We’re trying something new here, which means the details aren’t set in stone and the bugs haven’t been worked out. So for example it may be that some clubs do not proceed after the start-up period and others do proceed through to June. That’s something we’ll be figuring out by trying it out. This pilot process is meant to identify what works and what doesn’t, so we can scale this project next year and into the future.

If you’re interested in becoming a mentor, contact Cesare DiDonato to get the process started:

Cesare DiDonato

After you have contacted Cesare to get that process started, you can contact me about the material that will be delivered in the classroom:

Kevin Browne



If you haven’t seen it before, Scratch is worth a quick poke around. It’s a tool developed by MIT researchers to teach children programming concepts.

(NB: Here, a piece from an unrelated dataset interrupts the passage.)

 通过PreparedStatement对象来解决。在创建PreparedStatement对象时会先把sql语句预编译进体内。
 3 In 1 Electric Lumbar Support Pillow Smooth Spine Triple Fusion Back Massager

The new online version of the tool allows students to do everything in the browser, which is excellent for portability, share-ability, accessibility, and continuation of the work outside the classroom (i.e. home). The tool allows students to create animations, games, tell stories, etc – a diverse enough array of activities to provide for different interests. There is also a ton of online help for the tool to assist with in-class learning and help with self-learning – tutorials, videos, examples, etc.


Looking ahead

The subcommittee has talked about other ideas – for example running an “industry day” at McMaster Innovation Park aimed at motivating children to enter the field, with talks by professionals in different areas, where perhaps the students bring what projects they have been working on to show off to one another. The more mentors that engage in this process the more viable ideas like these become.

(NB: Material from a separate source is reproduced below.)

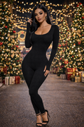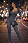 Ribbed stretch jumpsuit design to hug your curves with a sleek, comfortable fit. Perfect for day or night styling.

Another big topic of discussion was improving the official school curriculum. Right now the amount of software development education made available to students varies from school to school in Ontario, with the resources of the school and the background knowledge of the teachers being constraints. Obviously long term it’s critical to have more material integrated into the standard curriculum itself, but in the meantime extracurricular activities can help fill the gap. And to be honest, software development is a passion and a community as much as it is an academic discipline, so extra curricular activities may be as important or more important to getting more kids into coding.

Other discussions have been related to getting Hour of Code started in Hamilton for next year, or getting clubs started in high school.

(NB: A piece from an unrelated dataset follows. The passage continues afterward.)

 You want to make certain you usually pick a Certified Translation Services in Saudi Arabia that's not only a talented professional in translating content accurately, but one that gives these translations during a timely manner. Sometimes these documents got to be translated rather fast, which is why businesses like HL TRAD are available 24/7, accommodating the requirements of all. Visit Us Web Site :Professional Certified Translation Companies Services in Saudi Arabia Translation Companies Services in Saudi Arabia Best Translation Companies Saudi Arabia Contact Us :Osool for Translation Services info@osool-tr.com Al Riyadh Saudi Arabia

These discussions are important, but we’re now at the point of moving forward with a pilot project. As a community builds around this subcommittee we can begin to tackle more problems, but it takes time to get things to the implementation stage.

This is not the first time that people have tried to get code clubs started in Hamilton-area schools. The process is difficult for bureaucratic and other reasons, but we have finally cleared enough hurdles to get these clubs started. We’ll hopefully make this process more streamlined in the future, for example by getting the police background checks covered by someone, by more clearly outlining the curriculum, sign-up forms, etc. But for this pilot project we’re going to need some willing people with a “can do” attitude to help us get these clubs off the ground.

I’m personally looking forward to running a code club in the new year, and I’ll be blogging about the experience as much as I can (in a general privacy-respecting sense) to let people know how it goes. I’m so excited!